- RECORDED DATA

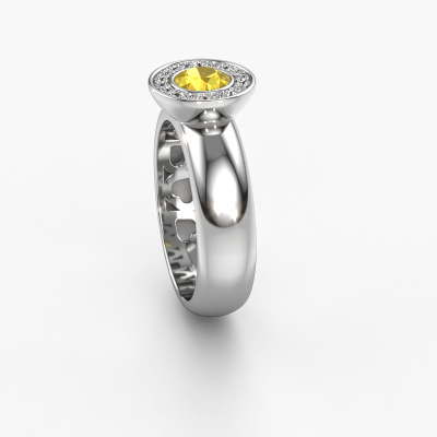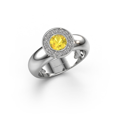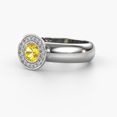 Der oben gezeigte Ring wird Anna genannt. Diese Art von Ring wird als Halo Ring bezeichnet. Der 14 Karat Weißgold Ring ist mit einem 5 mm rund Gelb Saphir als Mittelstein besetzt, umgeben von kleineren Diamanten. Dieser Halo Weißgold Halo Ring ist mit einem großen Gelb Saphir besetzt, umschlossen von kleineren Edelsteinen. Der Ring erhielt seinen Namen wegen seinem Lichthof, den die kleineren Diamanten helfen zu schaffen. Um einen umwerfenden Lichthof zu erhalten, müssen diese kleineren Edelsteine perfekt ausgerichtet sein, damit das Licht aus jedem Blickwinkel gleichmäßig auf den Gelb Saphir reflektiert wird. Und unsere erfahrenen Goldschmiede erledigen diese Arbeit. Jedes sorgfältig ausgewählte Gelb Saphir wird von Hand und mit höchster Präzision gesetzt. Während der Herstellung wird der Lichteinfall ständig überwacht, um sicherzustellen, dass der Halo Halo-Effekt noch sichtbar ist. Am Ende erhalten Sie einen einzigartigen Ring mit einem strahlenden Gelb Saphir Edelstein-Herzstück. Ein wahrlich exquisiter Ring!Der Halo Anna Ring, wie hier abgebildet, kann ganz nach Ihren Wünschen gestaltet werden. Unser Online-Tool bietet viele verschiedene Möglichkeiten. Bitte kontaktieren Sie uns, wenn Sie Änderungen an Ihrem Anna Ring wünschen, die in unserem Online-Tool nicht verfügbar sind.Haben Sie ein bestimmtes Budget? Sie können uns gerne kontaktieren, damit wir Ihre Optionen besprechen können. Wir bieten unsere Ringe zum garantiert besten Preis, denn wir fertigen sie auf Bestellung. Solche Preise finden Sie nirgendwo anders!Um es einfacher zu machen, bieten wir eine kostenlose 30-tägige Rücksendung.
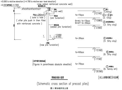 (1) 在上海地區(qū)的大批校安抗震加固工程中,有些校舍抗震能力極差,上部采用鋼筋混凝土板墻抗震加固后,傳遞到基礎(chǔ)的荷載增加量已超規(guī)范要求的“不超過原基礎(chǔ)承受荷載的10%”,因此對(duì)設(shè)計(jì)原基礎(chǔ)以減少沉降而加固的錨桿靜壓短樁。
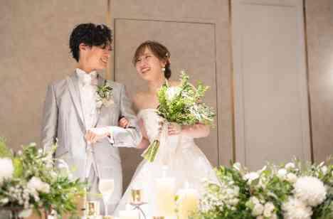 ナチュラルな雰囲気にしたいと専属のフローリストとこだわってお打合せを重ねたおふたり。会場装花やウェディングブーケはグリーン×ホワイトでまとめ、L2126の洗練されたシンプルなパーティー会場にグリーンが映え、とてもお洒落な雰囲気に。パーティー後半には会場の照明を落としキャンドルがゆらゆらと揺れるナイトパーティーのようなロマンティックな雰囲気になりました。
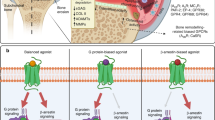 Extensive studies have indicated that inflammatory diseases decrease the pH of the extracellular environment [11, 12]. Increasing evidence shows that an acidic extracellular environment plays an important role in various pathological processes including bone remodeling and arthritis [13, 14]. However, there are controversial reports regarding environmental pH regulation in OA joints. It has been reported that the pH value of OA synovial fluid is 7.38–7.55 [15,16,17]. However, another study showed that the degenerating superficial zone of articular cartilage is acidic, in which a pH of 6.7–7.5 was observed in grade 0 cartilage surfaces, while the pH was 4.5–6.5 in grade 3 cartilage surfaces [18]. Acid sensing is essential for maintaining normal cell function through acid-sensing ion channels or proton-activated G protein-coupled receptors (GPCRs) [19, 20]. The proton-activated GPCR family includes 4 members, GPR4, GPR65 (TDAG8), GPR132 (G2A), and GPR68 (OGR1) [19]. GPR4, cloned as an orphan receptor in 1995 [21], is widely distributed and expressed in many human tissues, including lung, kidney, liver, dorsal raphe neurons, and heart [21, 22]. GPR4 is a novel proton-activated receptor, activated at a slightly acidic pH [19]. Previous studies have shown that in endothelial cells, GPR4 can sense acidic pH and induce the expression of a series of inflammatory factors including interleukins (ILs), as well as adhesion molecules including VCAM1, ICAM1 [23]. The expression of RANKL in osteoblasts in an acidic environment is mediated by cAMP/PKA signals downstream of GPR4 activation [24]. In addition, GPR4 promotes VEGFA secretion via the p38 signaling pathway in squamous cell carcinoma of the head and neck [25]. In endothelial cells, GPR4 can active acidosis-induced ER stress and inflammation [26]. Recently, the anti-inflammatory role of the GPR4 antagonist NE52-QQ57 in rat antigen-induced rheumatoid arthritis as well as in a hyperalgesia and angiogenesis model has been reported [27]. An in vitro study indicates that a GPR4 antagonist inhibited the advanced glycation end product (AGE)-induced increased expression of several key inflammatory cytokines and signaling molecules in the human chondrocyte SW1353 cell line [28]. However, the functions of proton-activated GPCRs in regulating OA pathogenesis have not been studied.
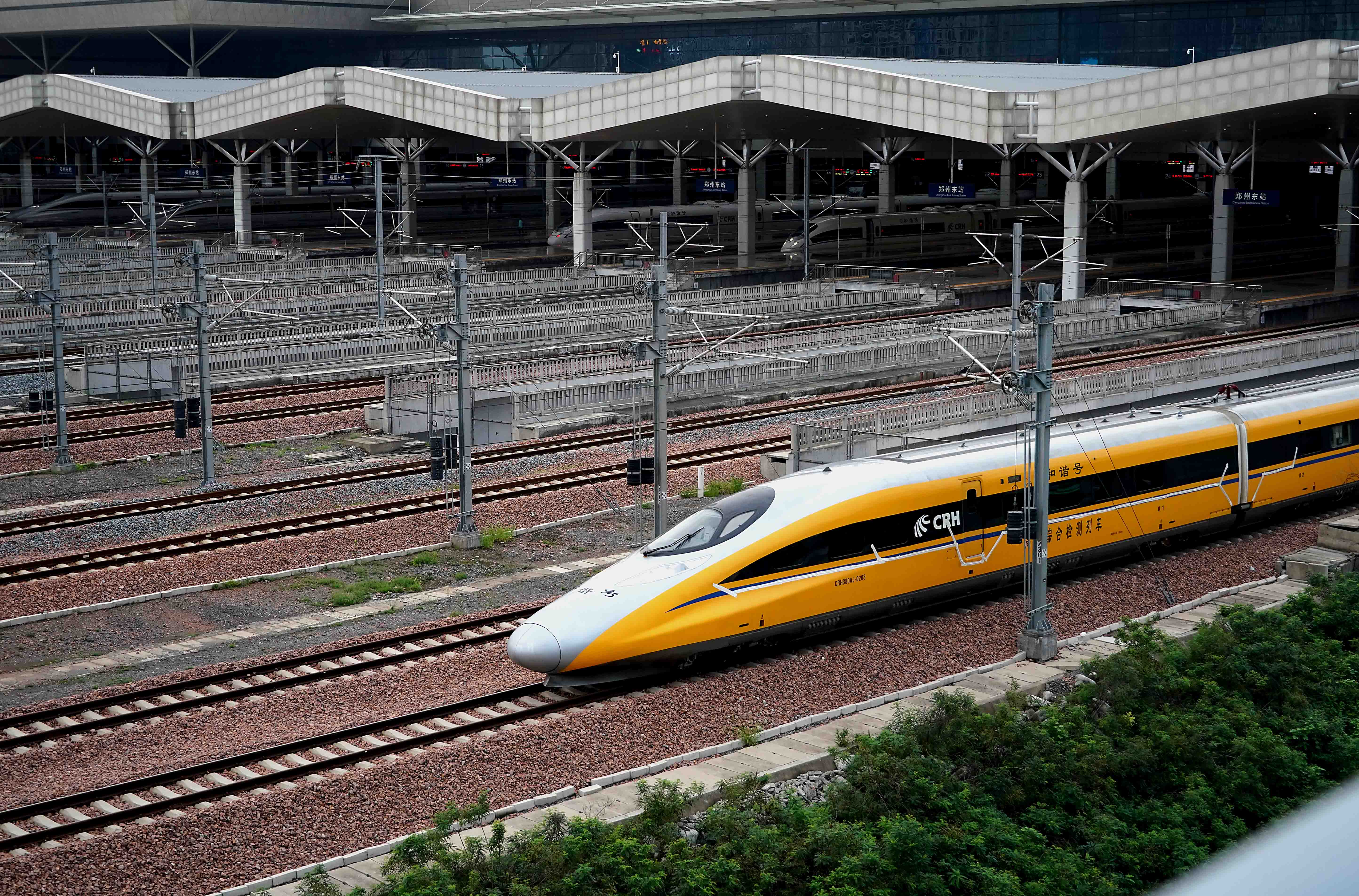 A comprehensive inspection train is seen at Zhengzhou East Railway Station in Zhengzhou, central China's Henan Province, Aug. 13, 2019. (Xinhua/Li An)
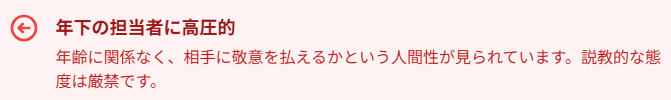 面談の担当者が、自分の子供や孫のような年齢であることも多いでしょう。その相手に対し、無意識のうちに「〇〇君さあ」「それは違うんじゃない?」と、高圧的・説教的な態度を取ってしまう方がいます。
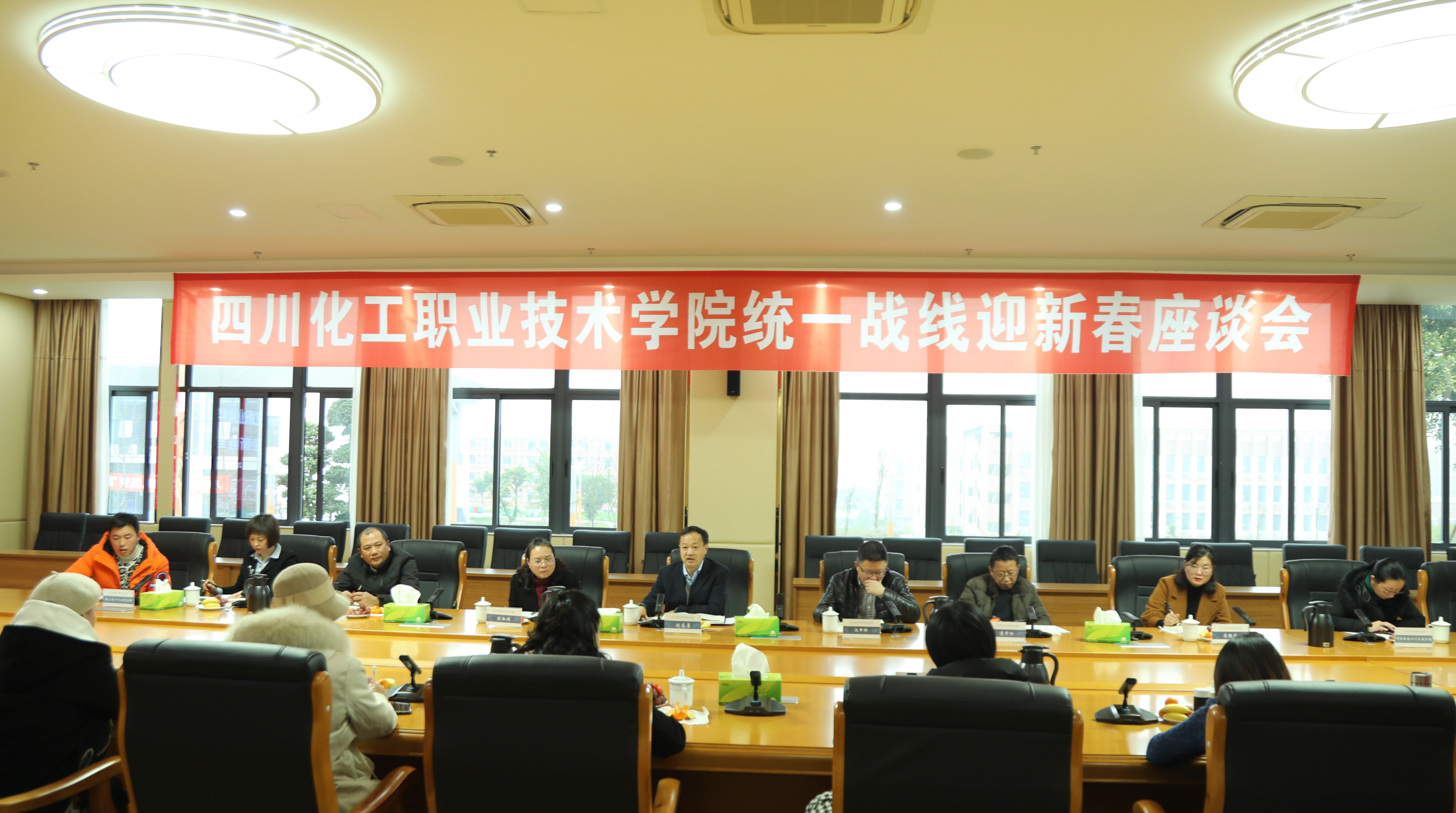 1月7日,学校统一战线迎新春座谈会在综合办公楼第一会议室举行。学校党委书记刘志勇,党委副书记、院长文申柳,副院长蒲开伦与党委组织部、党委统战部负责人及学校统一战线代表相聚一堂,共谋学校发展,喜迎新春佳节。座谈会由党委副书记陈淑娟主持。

* * *

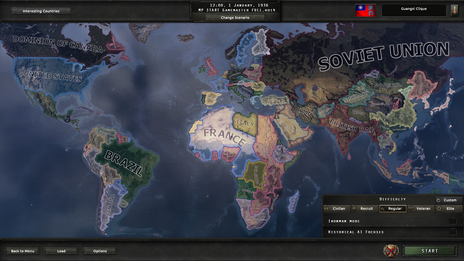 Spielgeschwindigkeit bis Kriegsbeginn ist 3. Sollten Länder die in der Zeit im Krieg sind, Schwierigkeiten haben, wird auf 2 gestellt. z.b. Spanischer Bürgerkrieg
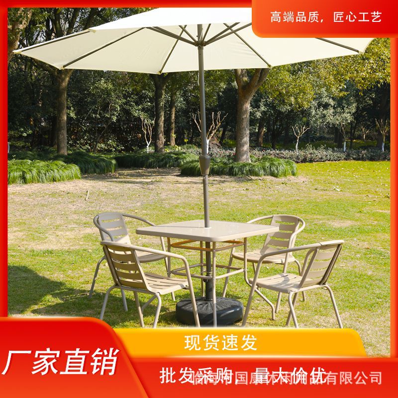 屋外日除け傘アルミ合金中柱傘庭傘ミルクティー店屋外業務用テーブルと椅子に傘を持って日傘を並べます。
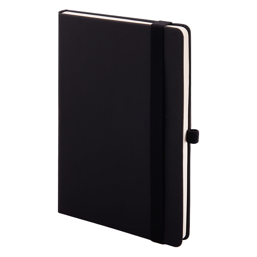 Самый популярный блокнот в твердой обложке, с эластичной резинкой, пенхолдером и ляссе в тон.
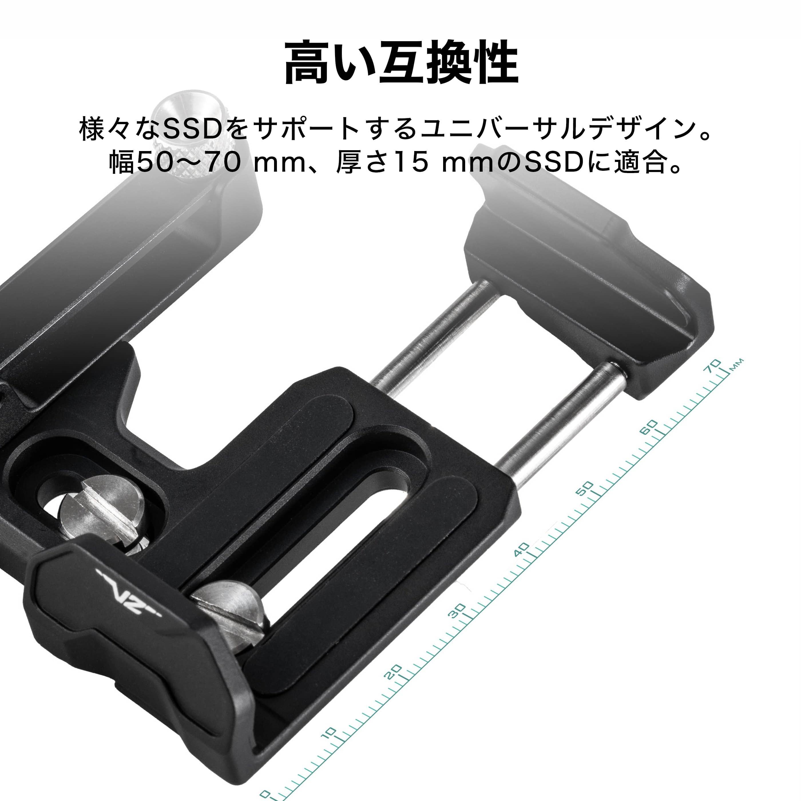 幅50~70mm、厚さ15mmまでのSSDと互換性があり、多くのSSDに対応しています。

- EXERCISE GOAL
Nothing but the lines from the one with "(1) 在上海地區(qū)的" up to and including the one with "ナチュラルな雰囲気にしたいと" should be printed, exactly as they read above. Please keep the pictures out.

- EXERCISE OUTPUT
 (1) 在上海地區(qū)的大批校安抗震加固工程中,有些校舍抗震能力極差,上部采用鋼筋混凝土板墻抗震加固后,傳遞到基礎(chǔ)的荷載增加量已超規(guī)范要求的“不超過原基礎(chǔ)承受荷載的10%”,因此對(duì)設(shè)計(jì)原基礎(chǔ)以減少沉降而加固的錨桿靜壓短樁。
 ナチュラルな雰囲気にしたいと専属のフローリストとこだわってお打合せを重ねたおふたり。会場装花やウェディングブーケはグリーン×ホワイトでまとめ、L2126の洗練されたシンプルなパーティー会場にグリーンが映え、とてもお洒落な雰囲気に。パーティー後半には会場の照明を落としキャンドルがゆらゆらと揺れるナイトパーティーのようなロマンティックな雰囲気になりました。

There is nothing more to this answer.